Cartoon shorts and double- and triple-feature movies under the starry skies. Warm, gentle summer breezes. The immersive surround-sound effect provided by hundreds of window-mounted speakers. Mosquitos and bug spray. Blankets and lawn chairs. Sparklers and frisbees. Buttery concession stand popcorn and roller-grilled hot dogs. The old school pre-nanny state playgrounds filled with the exhilarating thrill of real, imminent bodily harm danger. Dancing anthropomorphic soda cups, popcorn boxes and hot dogs doing a silver screen “Let’s all go to the snack bar” conga line during intermission.
But like the decaying Rouman Drive-In, the outdoor theatres of my childhood are all memories now.
The Starlight, overrun by urban sprawl development, was closed in 1994, replaced by a big box Woodman’s supermarket.
The Victory, once billed in glorious ginormous neon as the “World’s Most Beautiful Drive-In” is now a subdivision.
The last of the drive-ins of my youth, 41 Twin along the namesake old Highway 41 alignment, closed in 2001, replaced by an 84-acre office park.
These days, I have to really exercise the ol’ gray matter to recall my last drive-in experiences, including a last hurrah pre-closure August 1995 viewing of “A?League of Their Own”?with my wife at Rockford, Ill.’s circa-1965 Belford Outdoor.

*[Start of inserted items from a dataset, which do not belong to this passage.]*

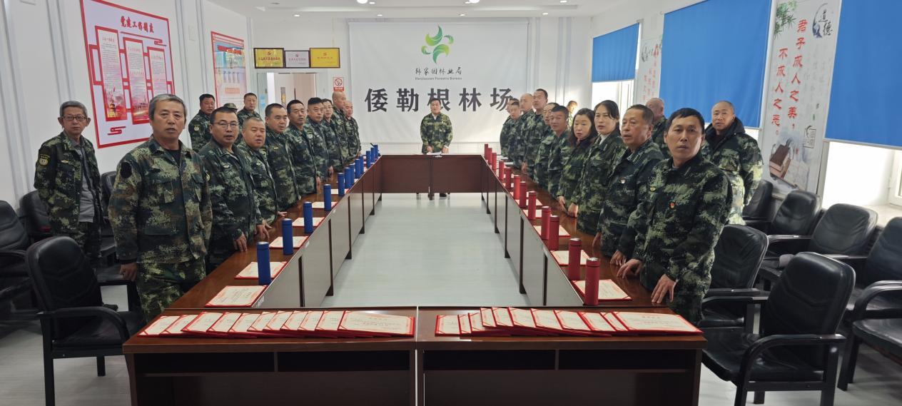 林場班子成員走上臺,與職工們并肩而立,快門按下,定格了這一幀滿是敬意與溫暖的畫面。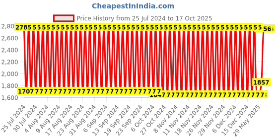 The current price is ₹2,756, which is ₹1,108.75 (67.3%) higher than the best price of ₹1,647.25 last seen on 25 Oct 2024. Over the 448 day price history period, prices have ranged from ₹1,647.25 to ₹2,785.35, with an average of ₹2,234. The pricing shows high volatility with significant fluctuations, with prices remaining relatively stable overall. In terms of recent activity, there have been 0 price changes this week, 0 this month, and 45 over the past year. The price direction is uncertain, so monitor the situation for a few more days before making a decision.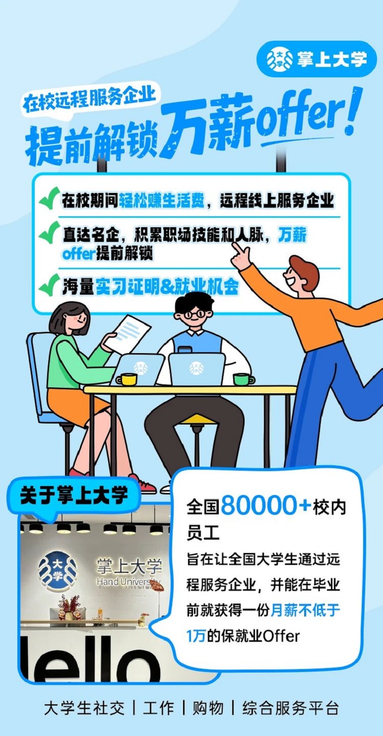 掌上大学推出的“万薪 Offer”计划,规定累计满 12 个月,大学生可获得掌上大学及合作企业提供的毕业后不低于 1 万元底薪的入职 offer。这一举措为大学生们提供了明确的职业发展方向和稳定的经济保障。在获得万薪 offer 之前,大学生们作为校园代理,每月还能获得不低于 1000 元的无责底薪以及销售佣金。在获取收入的同时,他们还能得到全方位的锻炼。通过推广销售平台商品,如护肤品、食品等学生高频消费品,大学生们能够提升自己的市场营销能力、客户沟通能力以及问题解决能力。在日常维护客户关系,做好学生用户售前、售中、售后全程服务的过程中,他们又能培养自己的服务意识和责任心。更为重要的是,实习期间的全程运营指导手把手教学,能让他们轻松 GET 电商运营、社群运营、营销推广等技能,为未来的职业发展打下坚实的基础。

And I have fond memories of treating our kids to the memory-making joys of 2006 drive-in excursions in our Ohio days, taking in Disney double features at Andover’s Pymatuning Lake Drive-In and suburban Cleveland’s Mayfield Road Drive-In at Chardon.
While the indoor theaters may have all the creature comforts and none of the mosquitos, for sheer fun in my book, life was much butter — er, better — at the drive-in.
Take a kernel of advice. You auto go to the drive-in — if you can find one.